GIVEN INFORMATION

▼

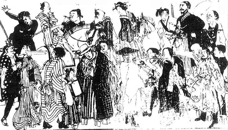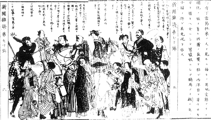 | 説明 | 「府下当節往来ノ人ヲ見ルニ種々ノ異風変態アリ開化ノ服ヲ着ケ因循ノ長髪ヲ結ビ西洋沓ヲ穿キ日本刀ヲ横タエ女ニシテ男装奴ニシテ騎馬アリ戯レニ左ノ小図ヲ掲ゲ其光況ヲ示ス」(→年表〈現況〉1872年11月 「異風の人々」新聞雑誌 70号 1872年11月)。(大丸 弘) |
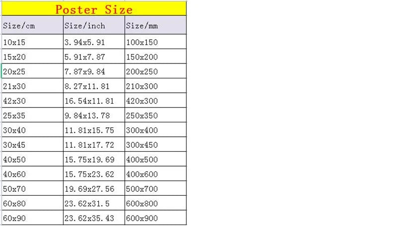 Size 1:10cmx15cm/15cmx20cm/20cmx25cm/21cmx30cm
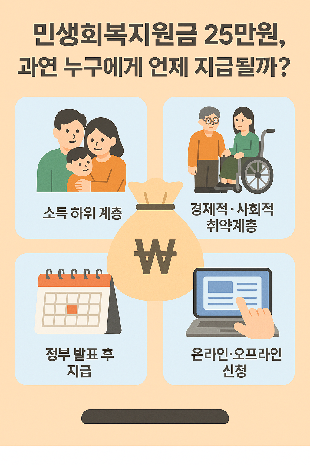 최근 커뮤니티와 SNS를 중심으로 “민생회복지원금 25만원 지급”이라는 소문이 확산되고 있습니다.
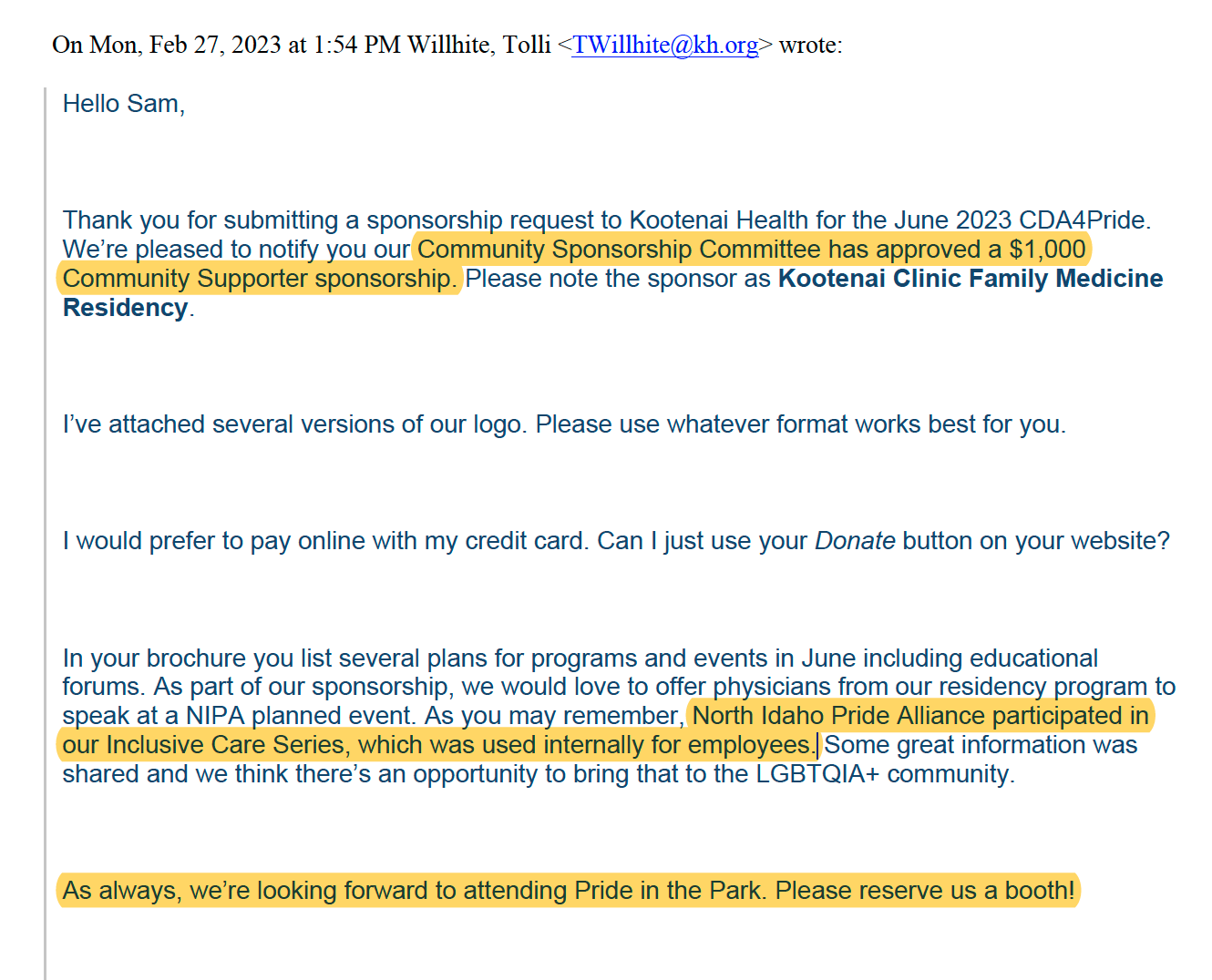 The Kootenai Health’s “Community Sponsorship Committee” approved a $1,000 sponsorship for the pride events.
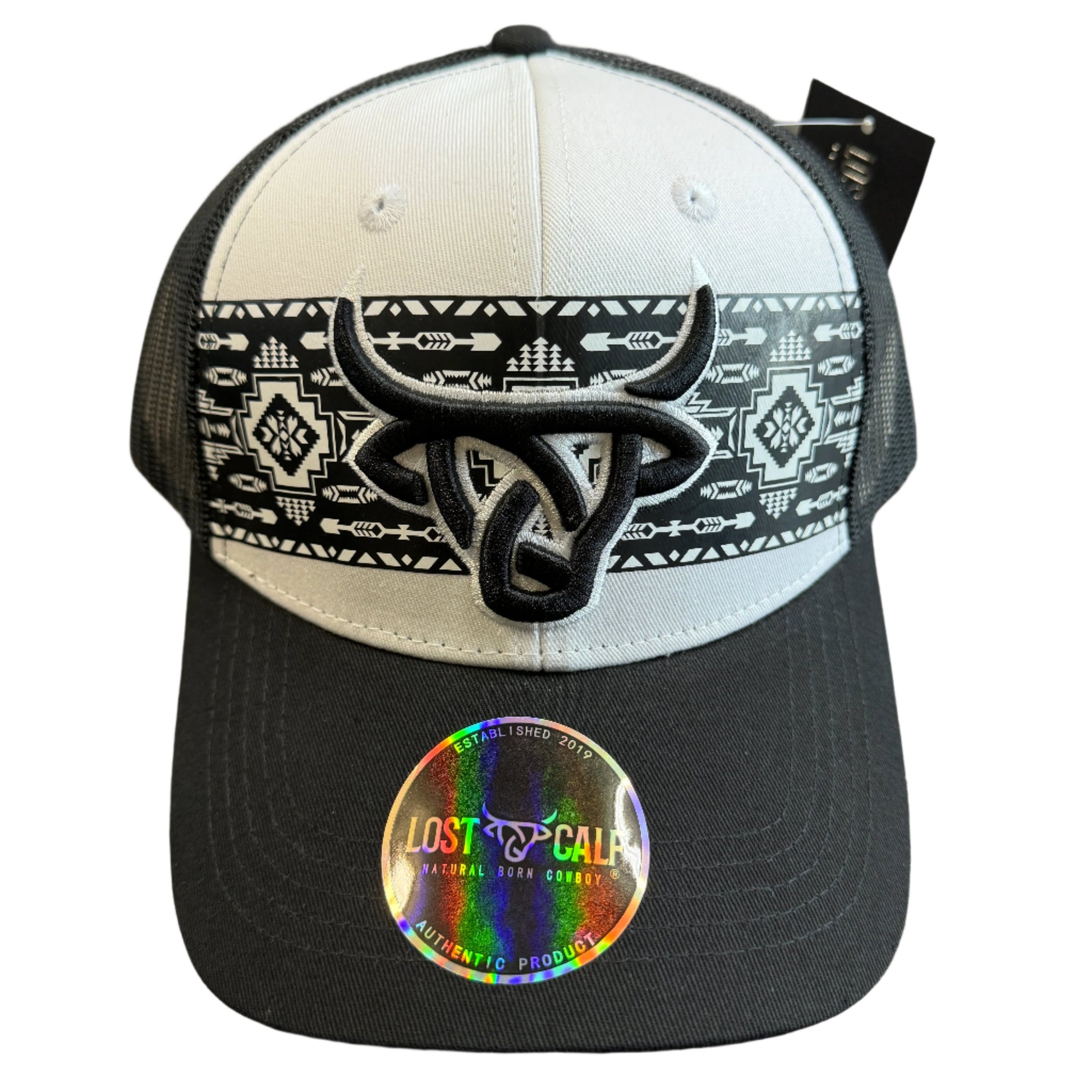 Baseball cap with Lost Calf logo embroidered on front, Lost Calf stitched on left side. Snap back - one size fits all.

▲

ACTION ITEM
Starting from the line that contains "The Kootenai Health’s", transcribe exactly each line down to the final line of the material above, excluding every picture and adding nothing else.

PROBLEM SOLUTION
 The Kootenai Health’s “Community Sponsorship Committee” approved a $1,000 sponsorship for the pride events.
 Baseball cap with Lost Calf logo embroidered on front, Lost Calf stitched on left side. Snap back - one size fits all.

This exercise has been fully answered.